As long as we're talking about the Weierstrass function, consider the parallels between the following:

1) Given a lattice $\Gamma$ in $\mathbb{R}$, the quotient $\mathbb{R}/\Gamma$ is topologically a circle. One way to describe it is to write down some functions on $\mathbb{R}$ which are invariant under $\Gamma$ and consider their image.
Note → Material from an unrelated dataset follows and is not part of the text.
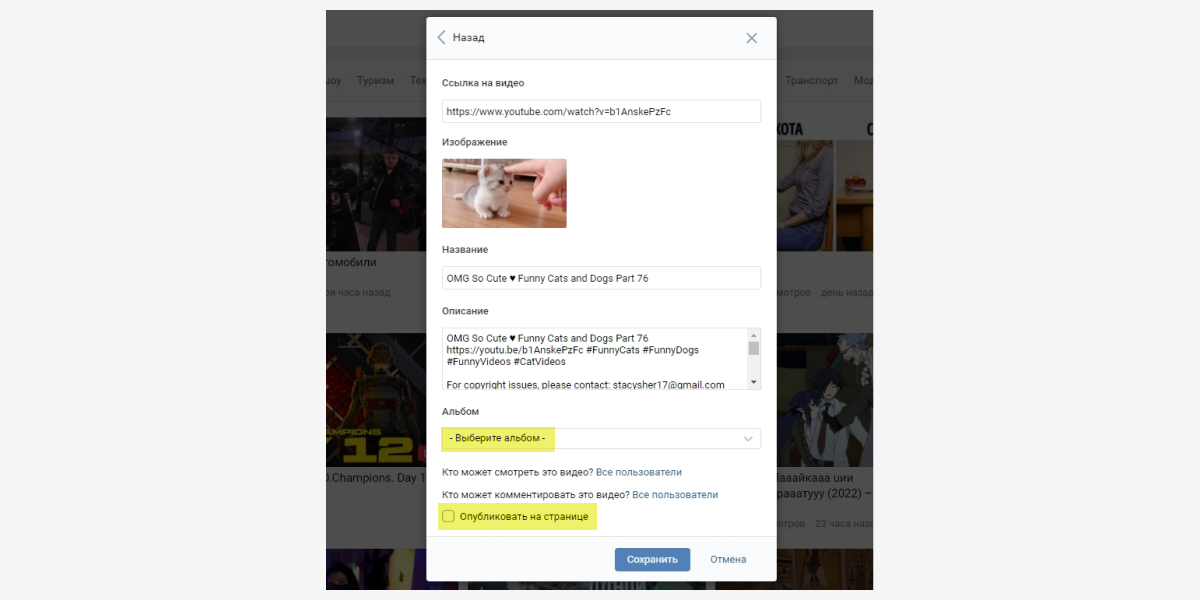 Затем добавьте ссылку на страницу видеозаписи. Учтите, что ВКонтакте поддерживает загрузку видео не со всех сайтов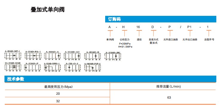 A-H16D-AU,A-H16D-B/P-1,A-H16D-P/A-1,A-F16D-AU,A-F16D-B,A-H16D-A,叠加式单向阀

It's natural to do this by writing down some arbitrary function on $\mathbb{R}$ and then averaging over $\Gamma$, and choosing $\frac{1}{x^2}$ gives a function which is closely related to $\sin \theta$. Now the map $\mathbb{R}/\Gamma \to (\sin' \theta, \sin \theta)$ has image the real variety $x^2 + y^2 = 1$.

2) Given a lattice $\Gamma$ in $\mathbb{C}$, the quotient $\mathbb{C}/\Gamma$ is topologically a torus. One way to describe it is to write down some functions on $\mathbb{C}$ which are invariant under $\Gamma$ and consider their image. Again it's natural to do this by writing down some arbitrary function on $\mathbb{C}$ and then averaging over $\Gamma$, and choosing $\frac{1}{z^2}$ gives a function which is closely related to the Weierstrass function $\wp(z)$. Now the map $\mathbb{C}/\Gamma \to (\wp'(z), \wp(z))$ has image the complex variety $y^2 = 4x^3 - g_2 x - g_3$. (Of course, here it is much more natural to expect that this strategy works because we know that compact Riemann surfaces are algebraic.)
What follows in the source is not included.